All of Ferrante’s novels have the immediacy of first person-narration by Italian female protagonists, most of them Neapolitans. The Lying Life of Adults is no exception. Patterns and themes familiar to loyal readers emerge early on in the book: A young woman deeply insecure with her own body image identifies, with equal dread and fascination, with a woman of her kin. Another young woman feeling trapped in the knots of family and poverty, admires and feels inadequate next to a man who’s made it out of Naples and moved to the north of Italy. Like the Neapolitan quartet, the plot of The Lying Life of Adults is largely driven by class tensions and resentment ripping families apart, throwing lives in disarray.  

The story of Giovanna’s coming of age begins with an assumption not untypical among adolescents: When she overhears her father saying that her face is turning into that of Vittoria, her paternal aunt, she equates the resemblance with ugliness. While Giovanna and her parents live in Vomero, an upper-class neighborhood atop a hill in Naples, Vittoria lives on the industrial fringes of the city left in neglect and poverty. Andrea and Nella, educated and sanctimonious adults who have long blotted Vittoria out of their lives, even from photographs, find themselves yielding to their daughter’s one strong wish: Meeting her aunt to find out what she looks like. 

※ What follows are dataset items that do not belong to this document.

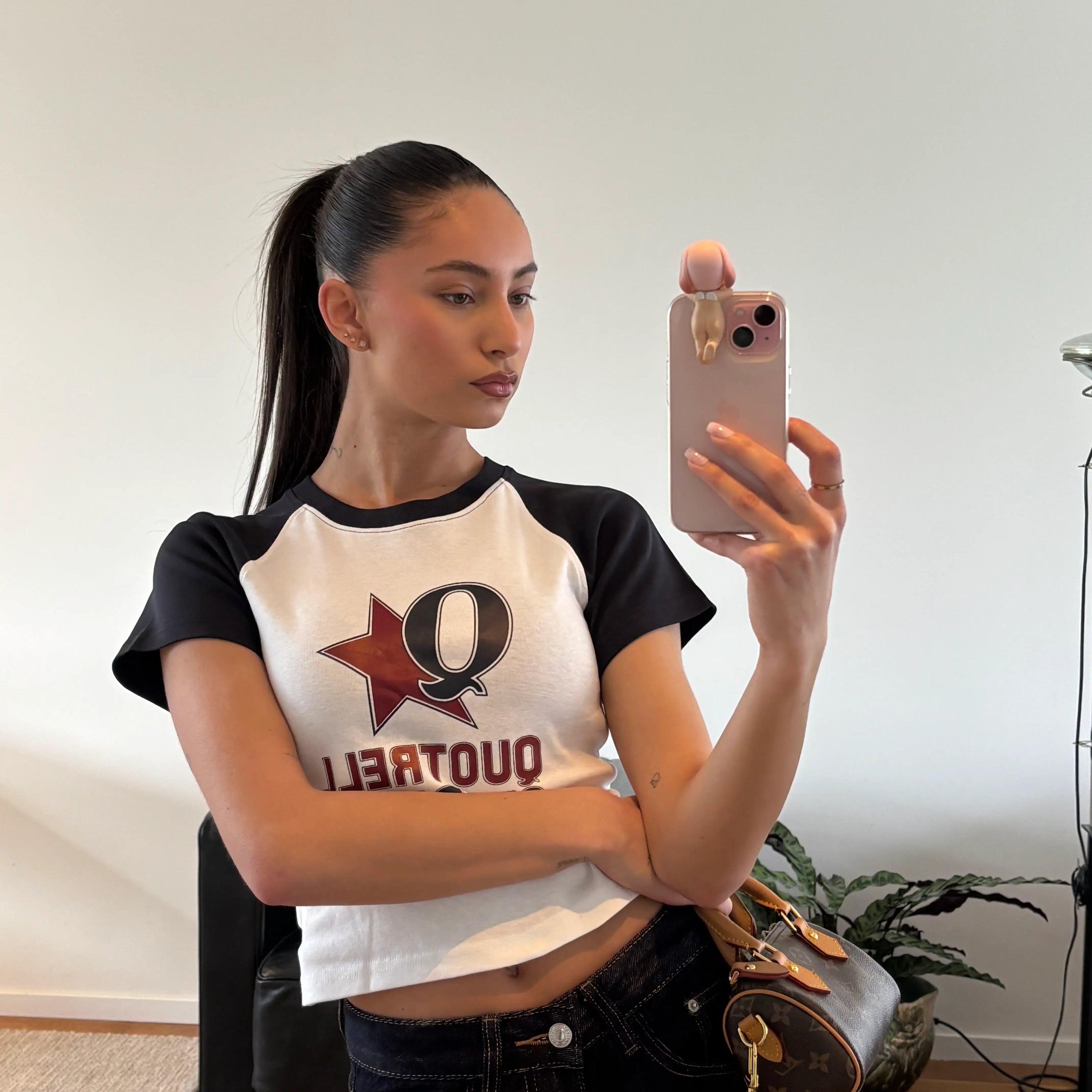 The Carmine Top features a regular fit with raglan sleeve construction for a relaxed, athletic silhouette. Crafted from soft premium cotton and finished with bold front graphic branding. Clean neckline and structured fit make it a versatile everyday streetwear piece.
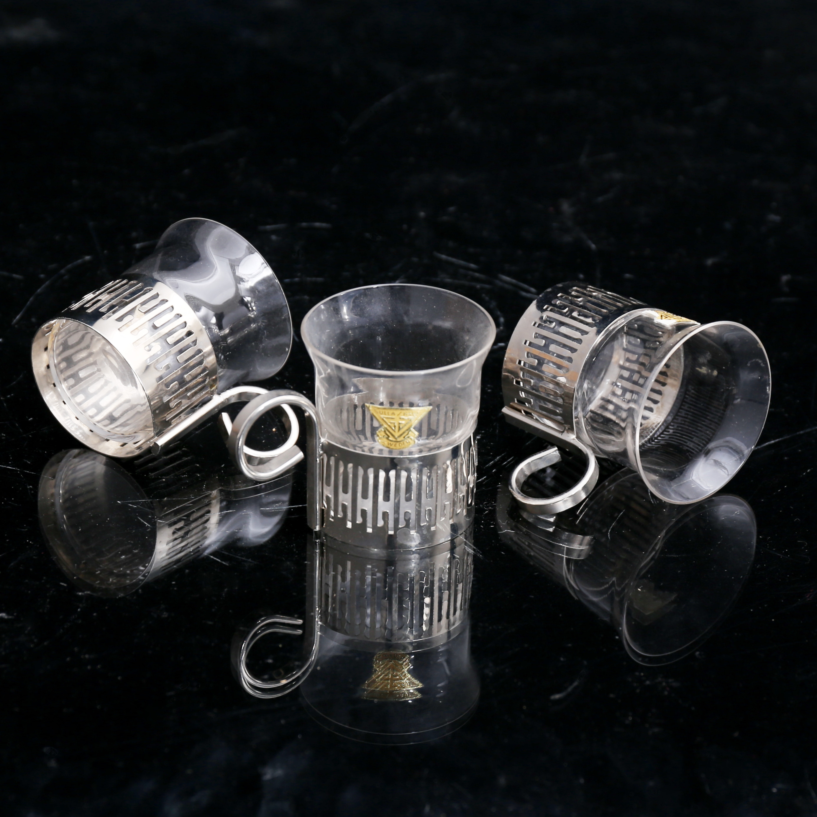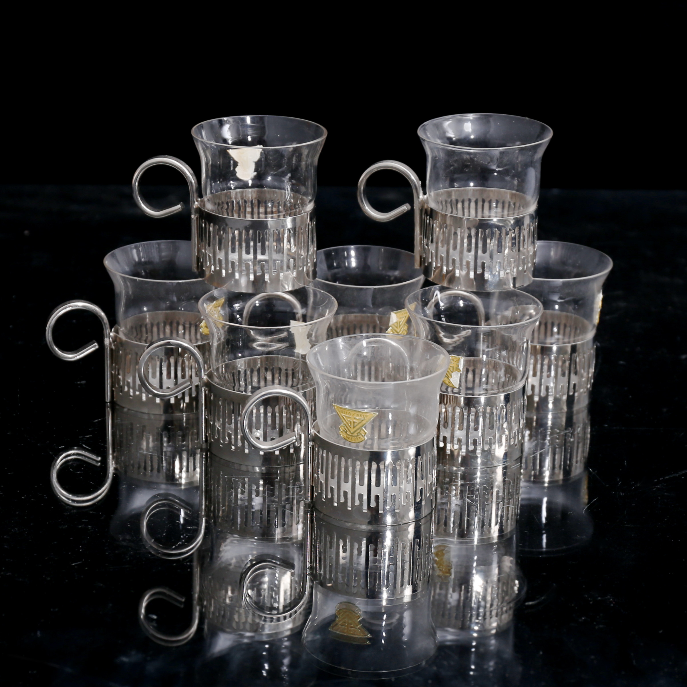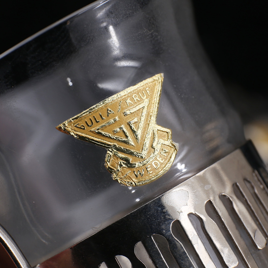 4335401. GLÖGGLASSEN, 8 Stück, Glas/Metall, Gullaskruf.
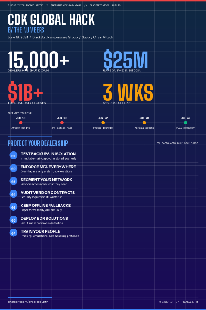 On June 18, 2024, a ransomware group called BlackSuit broke into CDK Global, the software company that runs the dealer management systems for more than 15,000 car dealerships across North America. Within hours, CDK shut everything down. Sales desks went dark. Service departments couldn’t look up repair orders. Finance managers couldn’t print contracts. And for the next two and a half weeks, thousands of dealerships were stuck doing business with pen and paper.
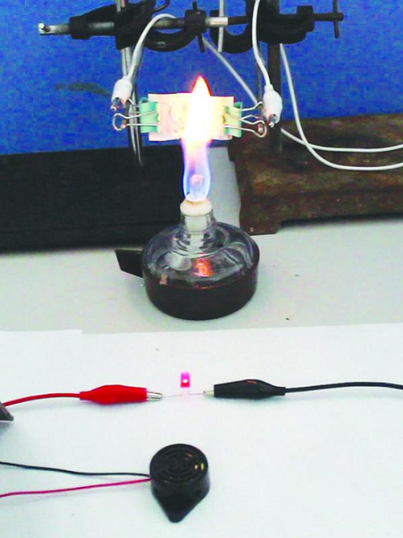 图说:新型火灾自动报警耐火壁纸在火灾发生时的快速响应(几秒钟内)与持续报警(5分钟以上)模拟实验 中科院上海硅酸盐研究所供图(下同)
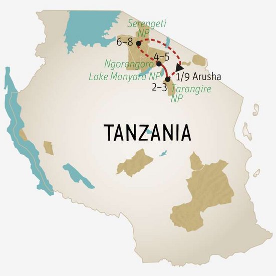 9. TAG: Serengeti Nationalpark–Arusha. Nach einem letzten Frühstück fahren Sie zur Flugpiste, wo Sie sich von Ihrem Reiseleiter verabschieden. Flug nach Arusha. (FM)
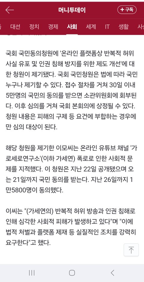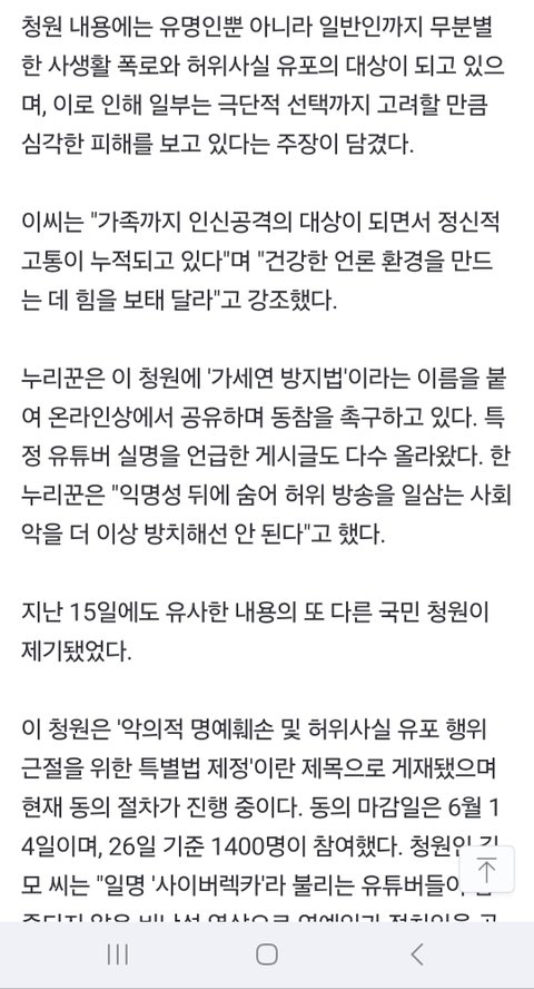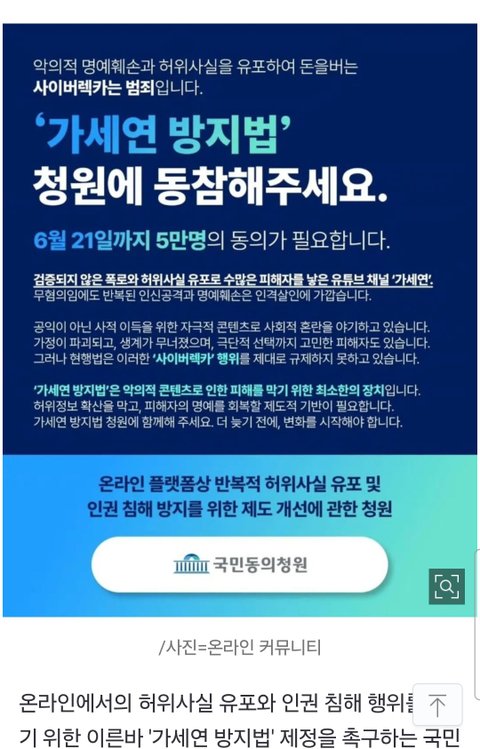 청원의 정확한 목적은"온라인 플랫폼상 반복적 허위사실 유포 및 인권 침해 방지를 위한 제도 개선에 관한 청원"입니다. 가세연의 검증되지 않은 사실의 무분별한 유포로 너무 많은 사람들이 고통받고 있습니다.현재 1.7만 정도의 분들이 동의했고, 이런 무분별한 유포에 대한 최소한의 장치를 마련하자가 추진 목표입니다. 부탁드립니다.
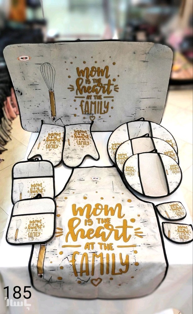 سرویس دمکنی و پیشبند 11 پارچه آشپزخانه عروس کارماهوم کد 185 (دم کنی)
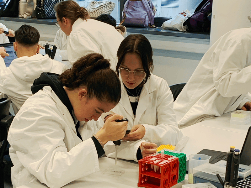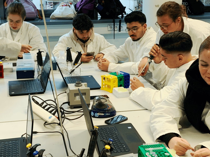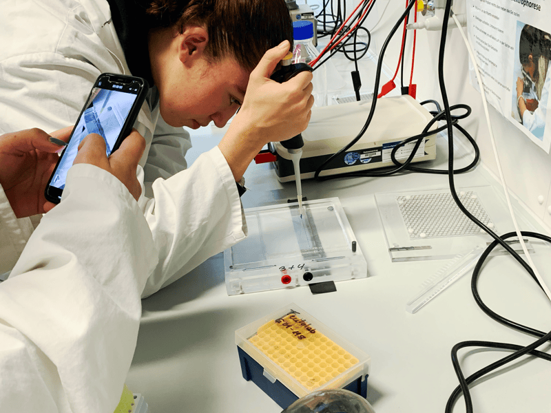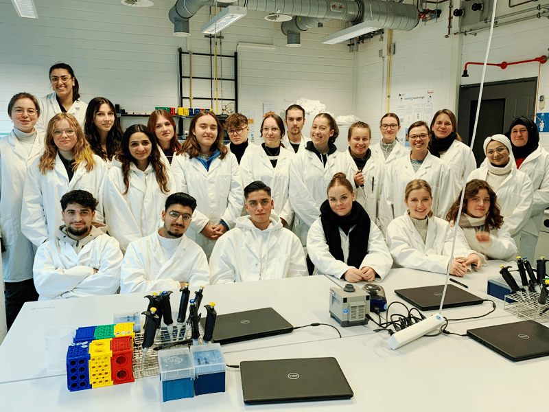 Die Biologieprüfungskandidaten der Jahrgangstufe Q1 (LK Frau Lüters, Gks Frau Buschmann und Frau Müller) haben dem Schülerlabor vom Teutolab Bielefeld einen Besuch abgestattet und sich einen ganzen Tag mit biotechnologischen Verfahren beschäftigt. Das Schülerlabor bietet Kurse zu abiturrelevanten Themen an, die sehr zeit- und materialintensiv sind, so dass sie in einer normalen Unterrichtsstunde gar nicht durchgeführt werden könnten. Thematisch ging es darum herauszufinden, welche Fleischsorte in der Wurst steckt und ob die Angaben auf dem Etikett richtig sind, dazu musste ein DNA-Profil der Wurst erstellt werden und mit DNA-Profilen bekannter Tierarten verglichen werden. Um das alles herauszufinden wurde die DNA zunächst extrahiert, danach durch eine PCR vervielfältigt und am Ende in einer Gelelektrophorese als Banden sichtbar gemacht.
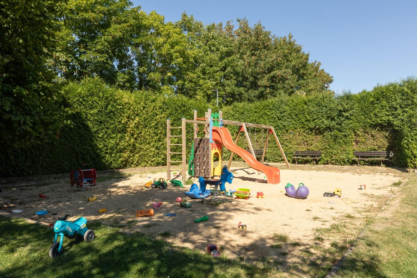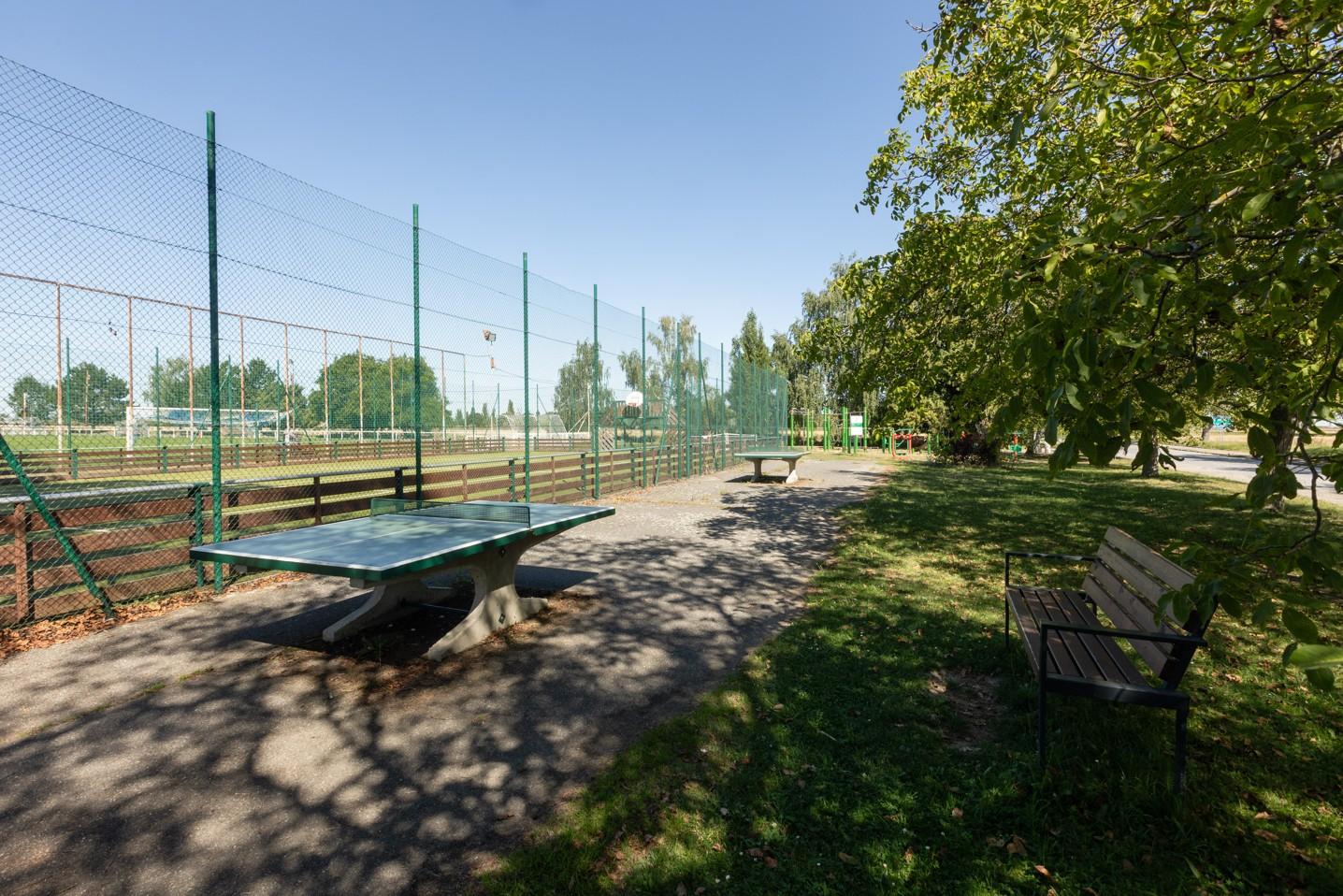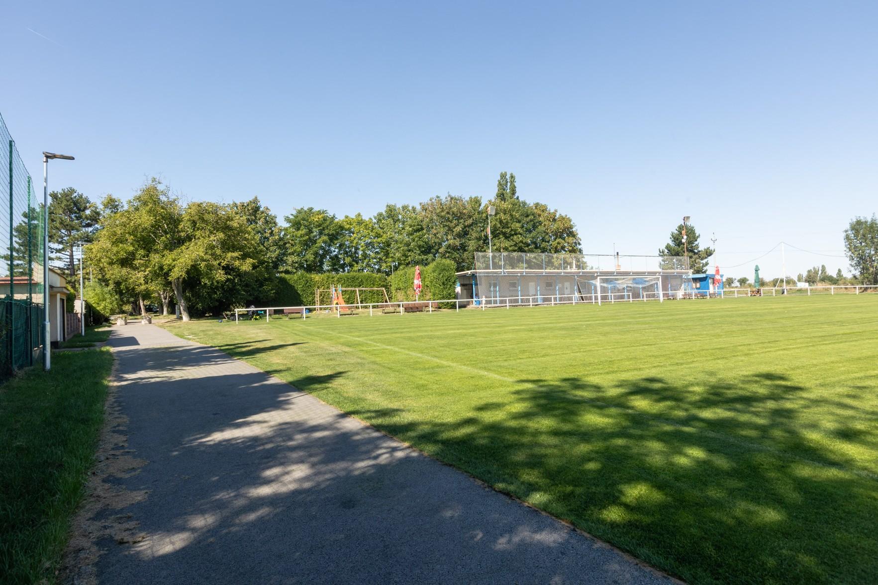 Velkou výhodou je rovněž přilehlé fotbalové hřiště, kde je možné si jít kdykoliv zakopat či zaběhat s dětmi. Hned vedle je dětské hřiště s pískem, prolézačka a houpačky. Na druhé straně fotbalového hřiště je basketbalové hřiště, venkovní posilovna a stoly na ping pong.
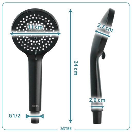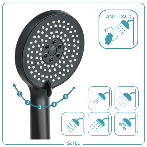 SOTBE LARK NAVIA NERO Słuchawka prysznicowa 5 zakresowa
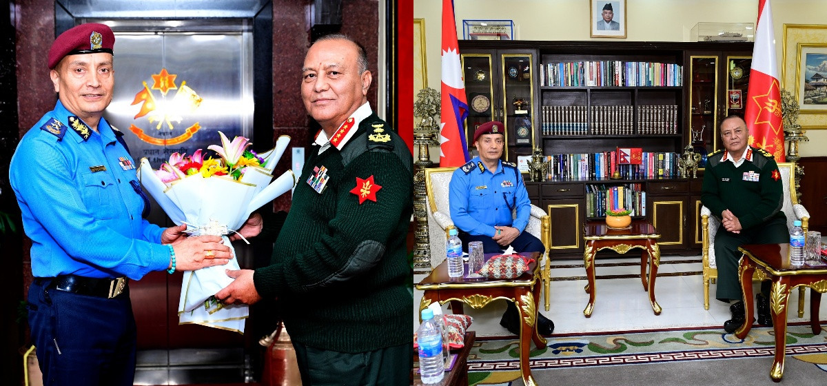 काठमाण्डु – प्रहरी महानिरीक्षक दानबहादुर कार्कीले प्रधान सेनापति अशोकराज सिग्देलसँग भेट गरेका छन्।
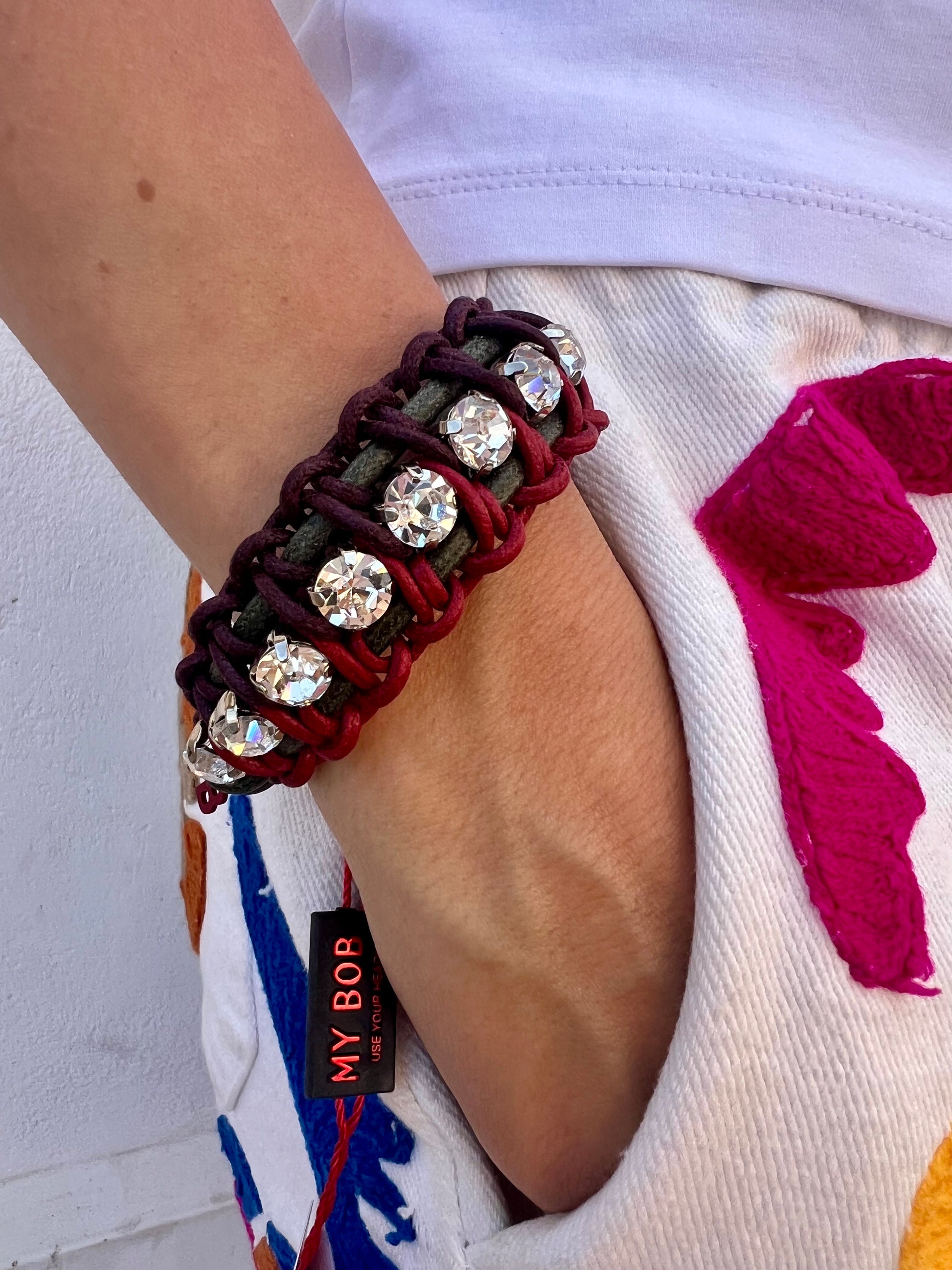 Bracelet - Juliette Bracelet Beige Brown Red Green & Strones

From Giovanna’s first contact with Vittoria, who she was taught to believe was an evil person that will stop at nothing to hurt her brother, the title of the book slowly reveals itself. Giovanna begins to regularly descend from Vomero to Pascone, fostering a tumultuous relationship with her quarrelsome and domineering aunt whose affections shine through the cracks of her anger. The conflicting narratives from two sides of the family chip away Giovanna’s hitherto loyal defense and faith in her parents. The naiveté of a child’s confusion and lack of comprehension slowly matures into suspicion and then into awareness. She grows a keener eye to observe each of her family members, cementing her own judgments. She also adopts a habit of lying to her parents at just about the same time she discovers their lies. Unlike her parents, she hates to put up a façade of moral rectitude and narrates in retrospect: “I could no longer be innocent, behind my thoughts there were other thoughts, childhood was over.”

Giovanna navigates adolescence like any other teenager- quick to adore a mysterious adult, quick to resent her parents and rebel, soaking up the negative adjectives (ugly, grim) people describe her with, seeking validation from peers and grown-ups alike. In addition to Ida and Angela, her only friends from childhood, she meets other teenagers through Vittoria and falls in love with the fiancé of one of them. She doesn’t yet reveal to herself how far she will pursue her friendship with Roberto, but she fixes the beginning of adulthood with restless clarity: Getting rid of her virginity.

Throughout the novel, an ornate bracelet moves from wrist to wrist, looping and twisting the lives of adulterous men and their lovers, mothers and daughters. It becomes both a plot driver and an ominous charm, the story of how it changed hands deepening with further deceptions. When Giovanna decides to go back to Milan to retrieve the bracelet from Roberto’s apartment, she has to make a choice between betrayal or resisting temptation, just like many others who reached for the bracelet before her.

In Ferrante’s novels, rhetorical questions never finish with question marks because the protagonists’ doubts are real and sharply-defined. In The Lying Life of Adults, Giovanna’s suspicions and misgivings help her carve a sense of selfhood out of seeing her parents for who they are, aided by the bracelet, and trying to break free from the clutch of her aunt. Ferrante’s books are sometimes referred to as page-turners but one must try slowing down to delay the pleasure. The author’s mastery lies in suspenseful storytelling with acutely built layers of character and nuances which can be sacrificed to a fast-paced reading. She teases the reader just enough to whet their appetite, laying out the possibilities extensively, making them race to the conclusion. In her latest novel, she elaborately plays with the idea of seduction but decides against the easy way out and adds another block to the edifice of the story. Giovanna needs to learn about herself and the people around her a little bit better, grow a little bit more.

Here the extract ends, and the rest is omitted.